We categorize findings into three main buckets: architectural flaws, monitoring gaps, and process improvements. Architectural flaws might involve a lack of redundancy, while monitoring gaps involve failures that didn't trigger an alert. Process improvements often center around simplifying the steps required for a human to mitigate a recurring issue.
It is vital that these findings are turned into prioritized tickets in the engineering backlog. Without a commitment to fixing the vulnerabilities discovered, Game Days become an academic exercise rather than a tool for improving reliability. Leadership must support the team by allocating time to address these reliability issues alongside feature development.
Identifying Dark Debt
Game Days are excellent at surfacing dark debt, which are hidden vulnerabilities that accumulate over time as a system evolves. This might include a legacy library that doesn't handle retries correctly or a hard-coded IP address that causes a failure when a load balancer scales. These issues are often invisible during normal operation.
Uncovering dark debt allows the team to simplify the architecture and remove unnecessary complexity. A simpler system is easier to reason about and less likely to fail in unpredictable ways.
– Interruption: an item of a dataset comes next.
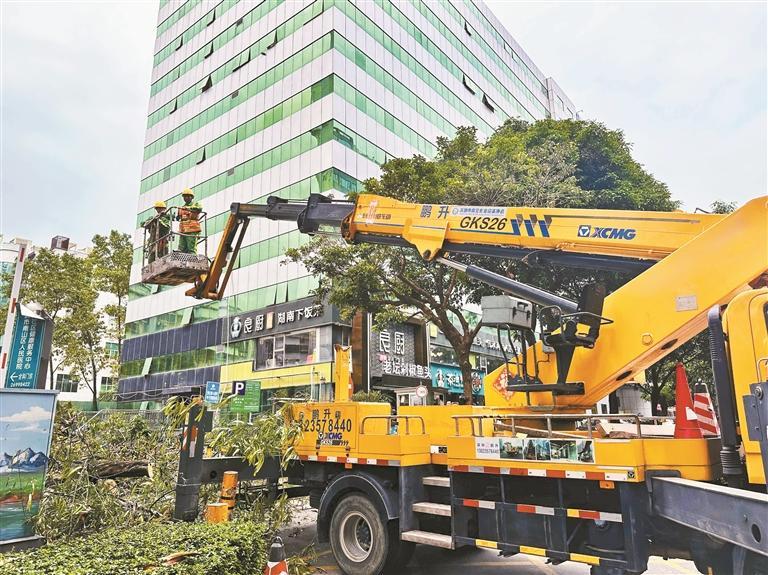 南山区城管人员修剪树木,防止树枝坠落砸到行人和车辆。

This process of constant pruning and hardening is essential for maintaining a high-availability platform.
Iterative Improvement
Reliability is a moving target, and a system that was resilient six months ago may no longer be so due to new features and configuration changes. Therefore, Game Days should be run as a recurring series rather than a one-off event. Each exercise should build on the lessons learned from the previous one, gradually increasing the complexity of the scenarios.
As the team becomes more confident, the experiments can transition from manual Game Days to automated continuous verification. In this stage, chaos experiments are integrated directly into the CI/CD pipeline, ensuring that every deployment is tested against known failure modes. This creates a powerful feedback loop that enforces high standards for resilience.